» EXERCISE DATA
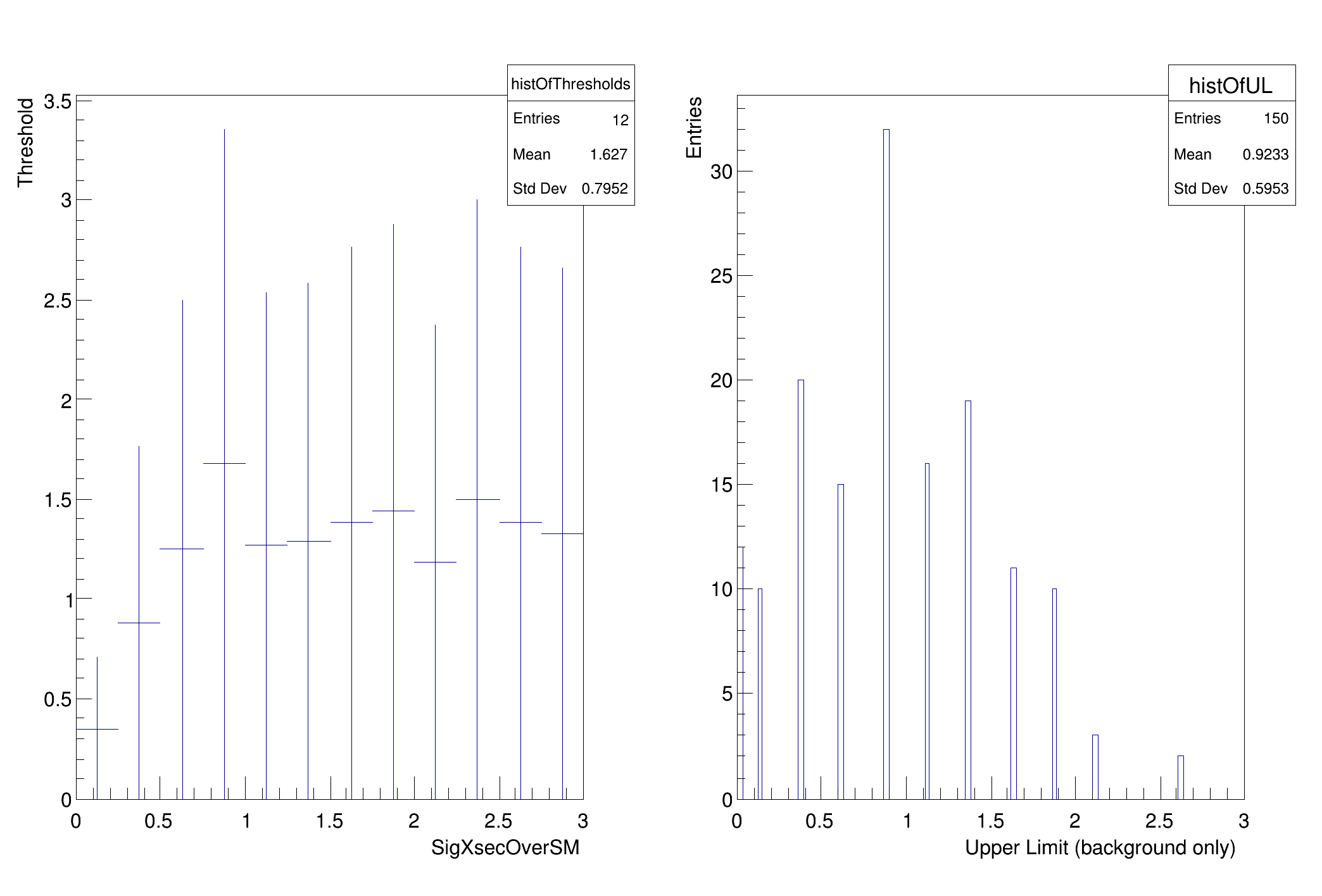 this tells you the values of the parameters being used to generate the pseudo-experiments and the threshold in this case is 0.011215. One would expect for 95% that the threshold would be ~1.35 once the cross-section is far enough away from 0 that it is essentially unaffected by the boundary. As one reaches the last points in the scan, the theshold starts to get artificially high. This is because the range of the parameter in the fit is the same as the range in the scan. In the future, these should be independently controlled, but they are not now. As a result the ~50% of pseudo-experiments that have an upward fluctuation end up with muhat = muMax. Because of this, the upper range of the parameter should be well above the expected upper limit... but not too high or one will need a very large value of nPointsToScan to resolve the relevant region. This can be improved, but this is the first version of this script.
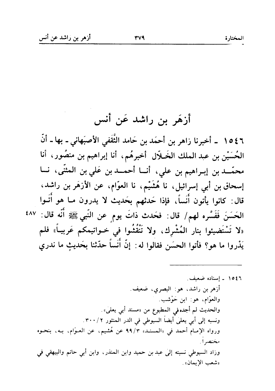 1546 - أَخْبَرَنَا زَاهِرُ بْنُ أَحْمَدَ بْنِ حَامِدٍ الثَّقَفِيُّ الأَصْبَهَانِيُّ بِهَا أَنَّ الْحُسَيْنَ بْنَ عَبْدِ الْمَلِكِ الْخَلالَ أَخْبَرَهُمْ أَنا إِبْرَاهِيمُ بْنُ مَنْصُورٍ أَنا مُحَمَّدُ بْنُ إِبْرَاهِيمَ بْنِ عَلِيٍّ أَنا أَحْمَدُ بْنُ عَلِيِّ بْنِ الْمُثَنَّى نَا إِسْحَاقُ بْنُ [أَبِي إِسْرَائِيلَ نَا هُشَيْمٌ نَا الْعَوَّامُ عَنِ الْأَزْهَر بن رشاد قَالَ كَانُوا يَأْتُونَ أَنَسًا فَإِذَا حَدَّثَهُمْ بِحَدِيثٍ لَا يَدْرُونَ مَا هُوَ أَتَوْا الْحَسَنَ فَفَسَّرَهُ لَهُمْ قَالَ فَحَدَّثَ ذَاتَ يَوْمٍ عَنِ النَّبِيِّ صَلَّى اللَّه عَلَيْهِ وَسَلَّمَ أَنَّهُ قَالَ لَا تَسْتَضِيئُوا بِنَارِ الْمُشْرِكِ وَلا تَنْقُشُوا فِي خَوَاتِيمِكُمْ عَرَبيا فَلم يدروا ماهو فَأَتَوُا الْحَسَنَ فَقَالُوا لَهُ إِنَّ أَنَسًا حَدثنَا بِحَدِيثٍ مَا نَدْرِي
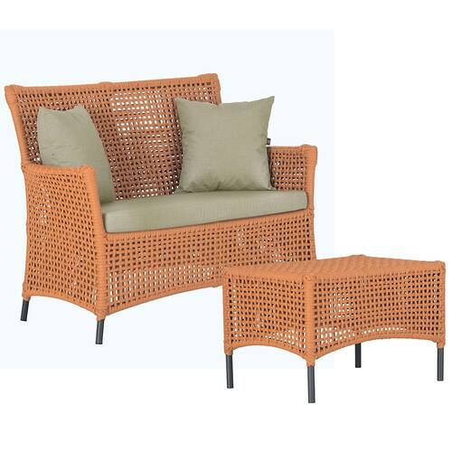 1 Sofá Área e Mesa Igapó Alumínio Pintura Preta Corda Náutica Estofado Impermeável Almofada 7 Trama - Laranja
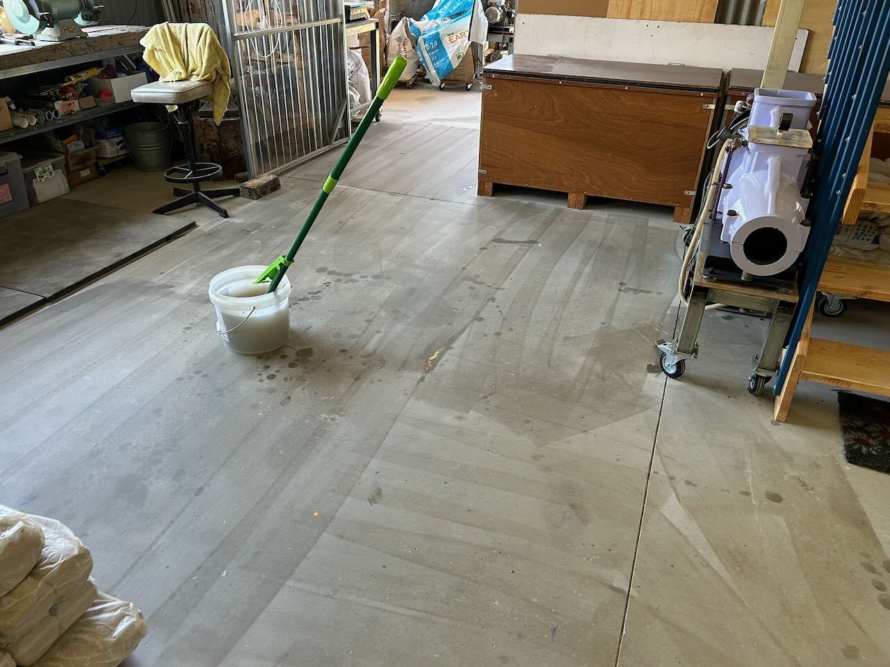 After all the clay is processed, pugged twice and then bagged and put to bed, everything is scrubbed down and the floor is mopped.

» ACTION ITEM
Each line above should be written out again exactly, and no picture should appear in the copy.

» SOLUTION FOR THIS PROBLEM
 this tells you the values of the parameters being used to generate the pseudo-experiments and the threshold in this case is 0.011215. One would expect for 95% that the threshold would be ~1.35 once the cross-section is far enough away from 0 that it is essentially unaffected by the boundary. As one reaches the last points in the scan, the theshold starts to get artificially high. This is because the range of the parameter in the fit is the same as the range in the scan. In the future, these should be independently controlled, but they are not now. As a result the ~50% of pseudo-experiments that have an upward fluctuation end up with muhat = muMax. Because of this, the upper range of the parameter should be well above the expected upper limit... but not too high or one will need a very large value of nPointsToScan to resolve the relevant region. This can be improved, but this is the first version of this script.
 1546 - أَخْبَرَنَا زَاهِرُ بْنُ أَحْمَدَ بْنِ حَامِدٍ الثَّقَفِيُّ الأَصْبَهَانِيُّ بِهَا أَنَّ الْحُسَيْنَ بْنَ عَبْدِ الْمَلِكِ الْخَلالَ أَخْبَرَهُمْ أَنا إِبْرَاهِيمُ بْنُ مَنْصُورٍ أَنا مُحَمَّدُ بْنُ إِبْرَاهِيمَ بْنِ عَلِيٍّ أَنا أَحْمَدُ بْنُ عَلِيِّ بْنِ الْمُثَنَّى نَا إِسْحَاقُ بْنُ [أَبِي إِسْرَائِيلَ نَا هُشَيْمٌ نَا الْعَوَّامُ عَنِ الْأَزْهَر بن رشاد قَالَ كَانُوا يَأْتُونَ أَنَسًا فَإِذَا حَدَّثَهُمْ بِحَدِيثٍ لَا يَدْرُونَ مَا هُوَ أَتَوْا الْحَسَنَ فَفَسَّرَهُ لَهُمْ قَالَ فَحَدَّثَ ذَاتَ يَوْمٍ عَنِ النَّبِيِّ صَلَّى اللَّه عَلَيْهِ وَسَلَّمَ أَنَّهُ قَالَ لَا تَسْتَضِيئُوا بِنَارِ الْمُشْرِكِ وَلا تَنْقُشُوا فِي خَوَاتِيمِكُمْ عَرَبيا فَلم يدروا ماهو فَأَتَوُا الْحَسَنَ فَقَالُوا لَهُ إِنَّ أَنَسًا حَدثنَا بِحَدِيثٍ مَا نَدْرِي
 1 Sofá Área e Mesa Igapó Alumínio Pintura Preta Corda Náutica Estofado Impermeável Almofada 7 Trama - Laranja
 After all the clay is processed, pugged twice and then bagged and put to bed, everything is scrubbed down and the floor is mopped.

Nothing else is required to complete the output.